The most common words are related with his competitor "Twitter" and different opinions appeared in order to the most common ratins we checked before: 1 and 5. Lets see the most used words:

In [None]:
# Histogram of the top 10 most common words.

top_10_words = Counter(" ".join(threads_df['review_description']).split()).most_common(10)

top_10_df = pd.DataFrame(top_10_words)

top_10_df.columns=["Word", "Frequency"]

sns.barplot(x="Word", y="Frequency", data=top_10_df)
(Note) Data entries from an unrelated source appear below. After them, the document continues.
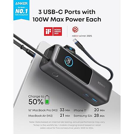 $87.99*: 25,000mAh Anker Laptop Power Bank w/ 100W USB-C, up to 165W Max Output (Black) at Amazon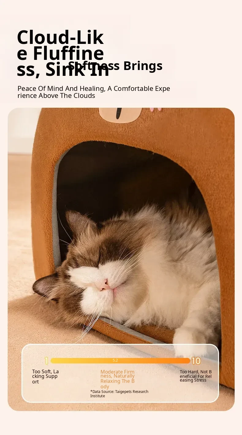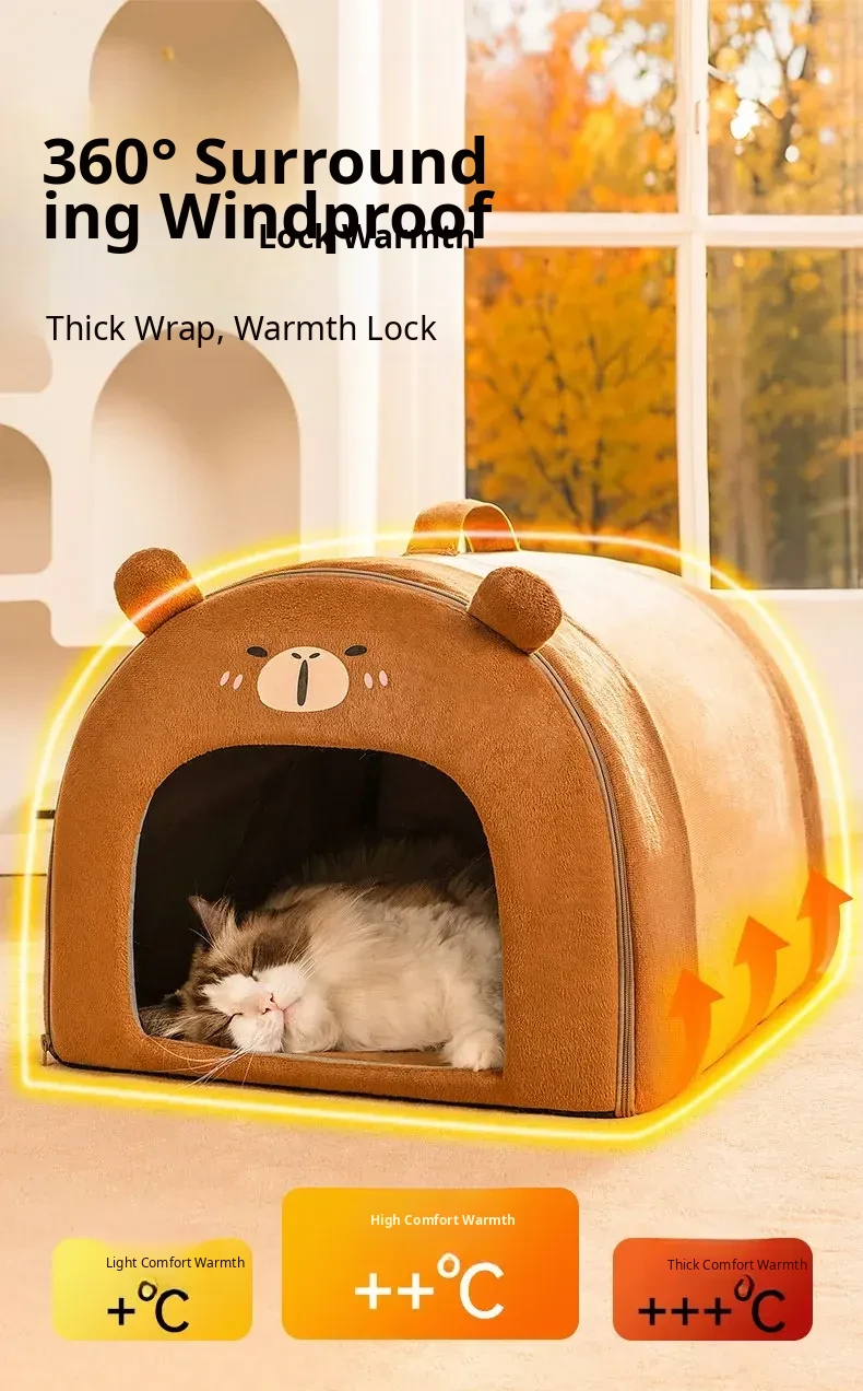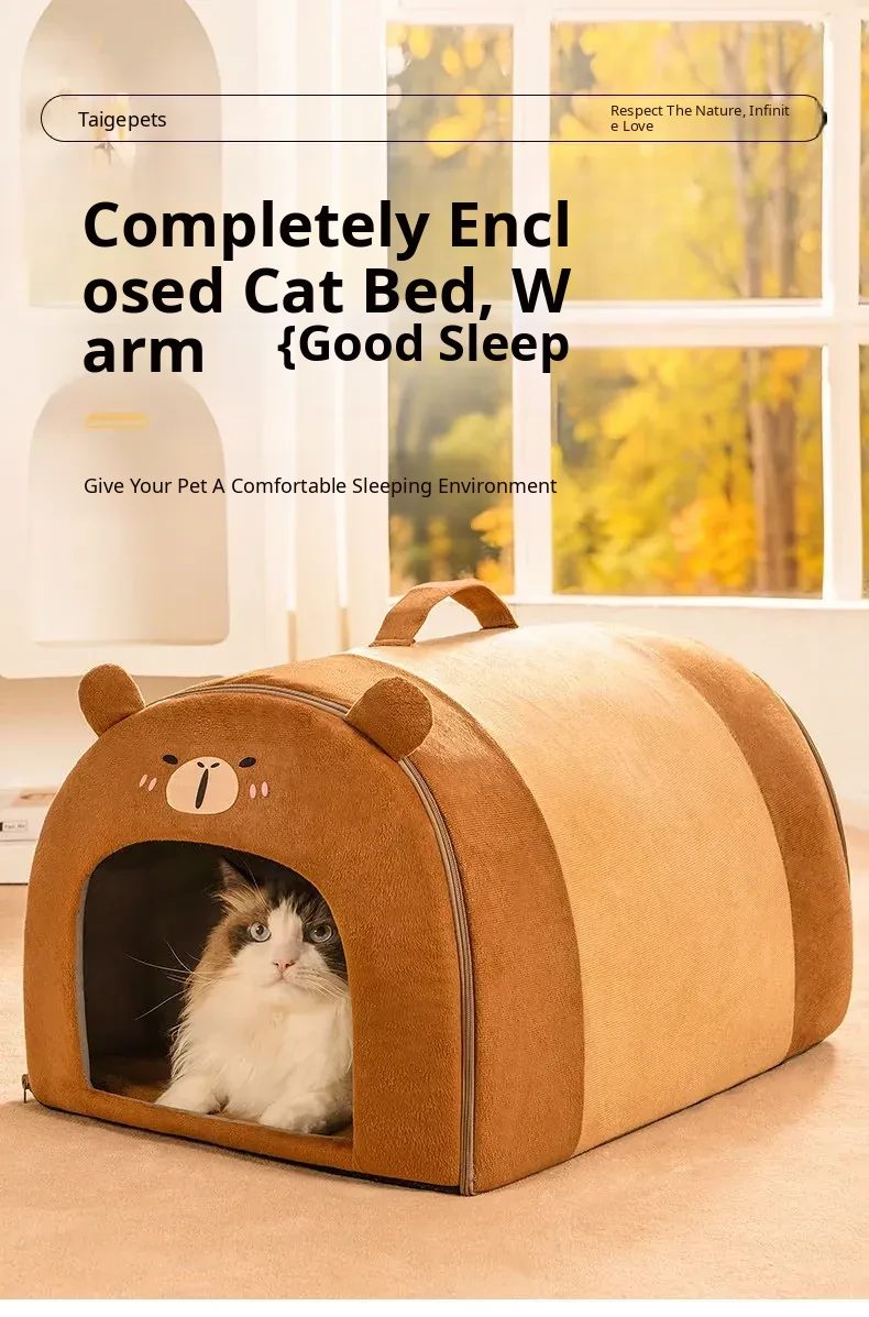 Capybara Cozy Winter Cat House - Enclosed Design for Maximum Safety, Thick and Warm, Removable Washable, Suitable for All Seasons Dog House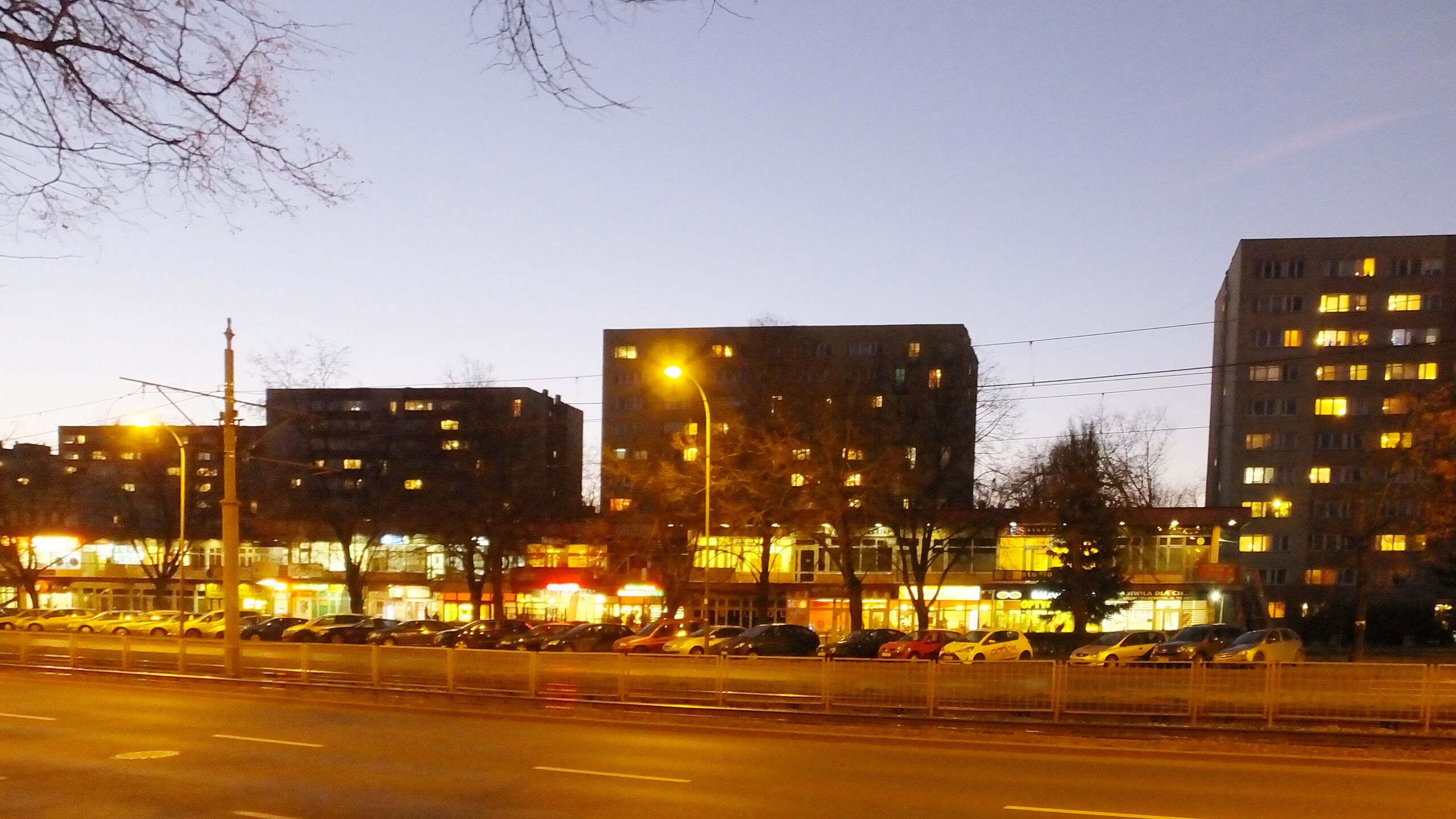 Polski: Wieczór w Warszawie. Pawilony przy ulicy Grójeckiej 128 i bloki przy ulicy Geodetów |

plt.title("Top 10 most common words")

plt.xlabel("Word")

plt.ylabel("Frequency")

plt.xticks(rotation=45)

plt.show()

Finally we will drop variables that won't be relevant for the training of the models.

In [None]:
# Drop irrelevant variables

threads_df = threads_df.drop(['user_name','laguage_code', 'country_code', 'review_id', 'source','review_date','thumbs_up'], axis=1)

# Display the first rows.

threads_df.head(5)

### 4.2. Vectorization (TF-IDF)

In [None]:
# Load the vectorizer

tfidf_vectorizer = TfidfVectorizer(max_df=0.99,min_df=0.01)

# Transform the tokens.

tfidf_matrix = tfidf_vectorizer.fit_transform(threads_df['review_description'])

# 5. ML Models

Once vectorized the text, we proceed with the split into train and test sets. In our case we will try multiclass ML models.

In [None]:
# Split into X and y.

X = tfidf_matrix
y = threads_df['rating']

# Split into train and test

X_train, X_test, y_train, y_test = train_test_split(X, y, test_size=0.25, random_state=12345, stratify=y)

### 5.1. Linear Regression

In [None]:
# Load the Linear Regression Classifier.

clf = LogisticRegression()

# Train the model.

clf.fit(X_train, y_train)

In [None]:
# Predict the X_test.

y_pred = clf.predict(X_test)
accuracy = accuracy_score(y_test, y_pred)


# Evaluation.

print(classification_report(y_test,y_pred))

# Print: the accuracy score.

print("Accuracy:",accuracy_score(y_test, y_pred))

# Print: F-2.

print("F2 micro:",fbeta_score(y_test, y_pred, beta=2, average='micro'))

# Print: F-2.

print("F2 macro:",fbeta_score(y_test, y_pred, beta=2, average='macro'))

### 5.2. LinearSVC

In [None]:
# Load SVC and train the model.

clf = LinearSVC()
clf.fit(X_train, y_train)

# Predict the X_test.

y_pred = clf.predict(X_test)
accuracy = accuracy_score(y_test, y_pred)

In [None]:
# Evaluation.

print(classification_report(y_test,y_pred))

# Print: the accuracy score.

print("Accuracy:",accuracy_score(y_test, y_pred))

# Print: F-2.

print("F2 micro:",fbeta_score(y_test, y_pred, beta=2, average='micro'))

# Print: F-2.

print("F2 macro:",fbeta_score(y_test, y_pred, beta=2, average='macro'))

### 5.3. LightGBM

In [None]:
# Due to the format of the target we will use Label Encoder.

le = LabelEncoder()
y = le.fit_transform(threads_df['rating'])

# Luego, divide tus datos en conjuntos de entrenamiento y prueba nuevamente
X_train, X_test, y_train, y_test = train_test_split(X, y, test_size=0.25, random_state=42, stratify=y)


In [None]:
# LightGBM format.

d_train = lgb.Dataset(X_train, label=y_train)

# Parámetros para LightGBM, puedes ajustar estos según tus necesidades
params = {
    'objective': 'multiclass',
    'num_class': len(np.unique(y)),
    'metric': 'multi_logloss',
    'boosting_type': 'gbdt',
    'num_leaves': 31,
    'learning_rate': 0.05,
    'feature_fraction': 0.9
}

# Entrenar el modelo
clf = lgb.train(params, d_train,)

# Realizar predicciones
y_pred = clf.predict(X_test, num_iteration=clf.best_iteration)

# Después de obtener y_pred de LightGBM:
y_pred_class = np.argmax(y_pred, axis=1)

# Evaluar el modelo
accuracy = accuracy_score(y_test, y_pred_class)

In [None]:
# Evaluation.

print(classification_report(y_test,y_pred_class))

# Print: the accuracy score.

print("Accuracy:",accuracy_score(y_test, y_pred_class))

# Print: F-2.

print("F2 micro:",fbeta_score(y_test, y_pred_class, beta=2, average='micro'))

# Print: F-2.

print("F2 macro:",fbeta_score(y_test, y_pred_class, beta=2, average='macro'))

# 6. Conclusions 

After several trials with differente models, the accuracy is okay (60-61%) , by the way the macro f2 and f1 scores are poor, due to the imbalance of the dataset in ratings like 2,3 and 4 compared with 1 and 5.